Bad Religion, Bad Results

Ross Douthat’s book, Bad Religion, sets out to explain "how we became a nation of heretics".

Bad Religion: How We Became a Nation of Heretics
by Ross Douthat
Free Press (New York, 2012)
337 pages.

In a 2005 study conducted by sociologists Christian Smith and Melinda Lundquist Denton, they found that 97% of teenagers professed some sort of belief in the divine. 71% of those teenagers also agreed that they were “very” or “somewhat” close to God, and an overwhelming majority identified themselves as Christians. Contrary to public opinion—and the fear of many parents and churches around the nation—secularism does not appear on the rise in the United States. Celebration, however, would be premature. According to Ross Douthat, it’s not that we no longer have religion in this country. Instead, we have bad religion—which is the theme (and title) of Douthat’s latest book Bad Religion: How We Became a Nation of Heretics.

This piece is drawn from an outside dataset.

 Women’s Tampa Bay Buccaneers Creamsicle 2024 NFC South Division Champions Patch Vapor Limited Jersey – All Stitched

For Douthat, the youngest ever New York Times op-ed columnist,  “America’s problem isn’t too much religion, or too little of it.” Bad religion, according to the author, is “the slow-motion collapse of traditional Christianity and the rise of a variety of destructive pseudo-Christianities in its place.” Chock full of telling anecdotes and history, Douthat surveys the rise and decline of mainline Protestantism in the United States, as well as the golden era of American Catholicism that reached its peak in the 1960’s.  For Catholics and Protestants alike, much of the twentieth century was defined by an individual or a family’s commitment to their particular faith tradition, which had a core understanding of orthodox beliefs and practices, dubbed by the Anglican C.S. Lewis as a mere Christianity. The problem today, however, is that most Americans are losing that center.

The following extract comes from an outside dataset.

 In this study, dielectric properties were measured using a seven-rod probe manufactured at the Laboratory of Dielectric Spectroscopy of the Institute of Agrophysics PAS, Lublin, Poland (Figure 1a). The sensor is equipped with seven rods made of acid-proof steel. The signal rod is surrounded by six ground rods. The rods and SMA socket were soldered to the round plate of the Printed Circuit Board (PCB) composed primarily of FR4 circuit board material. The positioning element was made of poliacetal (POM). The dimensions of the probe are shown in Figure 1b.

Gone are the days when religious debates throughout the country were over Catholic belief in the real presence in the Eucharist or Southern Baptist condemnation of alcohol. Even more divisive topics like women’s ordination or the use of contraceptives within marriage have taken a back seat, while beliefs that were once considered to be at the very heart of Christianity and widely shared in all Christian traditions, such as the doctrine of the Trinity, the divinity of Christ, a common understanding of sin, the need for constant repentance, and the hope of Heaven after death, are now largely questioned and viewed as irrelevant to our modern age.

Some may respond that Douthat is too pessimistic and argue that those embracing or promoting unorthodox beliefs are simply heretics. For Douthat, however, these heretics are becoming the new norm. Once upon a time in American Christianity, thinkers like Jacques Maritain, Dietrich Bonhoeffer, John Henry Newman, Elizabeth Anscombe, and G.K. Chesterton were heralded as men and women who spoke and wrote with authority on matters related to Christian thought. They have now been replaced with figures like Benny Hinn, Oprah Winfrey, Dan Brown, Joel Osteen, Joyce Meyer, and Elaine Pagels and orthodox Christianity is being replaced by a do-it-yourself spirituality or therapeutic religion.

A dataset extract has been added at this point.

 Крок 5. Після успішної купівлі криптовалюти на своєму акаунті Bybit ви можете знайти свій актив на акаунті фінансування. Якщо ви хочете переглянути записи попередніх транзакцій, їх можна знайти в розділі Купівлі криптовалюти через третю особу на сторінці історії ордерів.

Consider, for example, the 2006 buzz around the Gnostic Gospel of Judas in which the National Geographic Society spent $1 million dollars to purchase the document and hundreds of thousands more in restoration and analysis or the over four million copies of Joel Osteen’s Your Best Life Now that have been sold. This interest in religion does not at all hint at secularization, but instead, a redefining of what Americans consider to be true religion. The success of Eat, Pray, Love: One Woman’s Search for Everything Across Italy, India, and Indonesia by Elizabeth Glibert, which spent 187 weeks on the New York Times bestseller list, is the brand of religion that Americans are now embracing. Gilbert, who divorced her husband, traveled the world, and supposedly found happiness by marrying a Brazilian man she met in Bali, has become a mouthpiece for religion in America today. In her book and other writings, she chronicles her quest to discover the God within, and encourages readers to “take whatever works from wherever you can find it, and you keep moving to the light.”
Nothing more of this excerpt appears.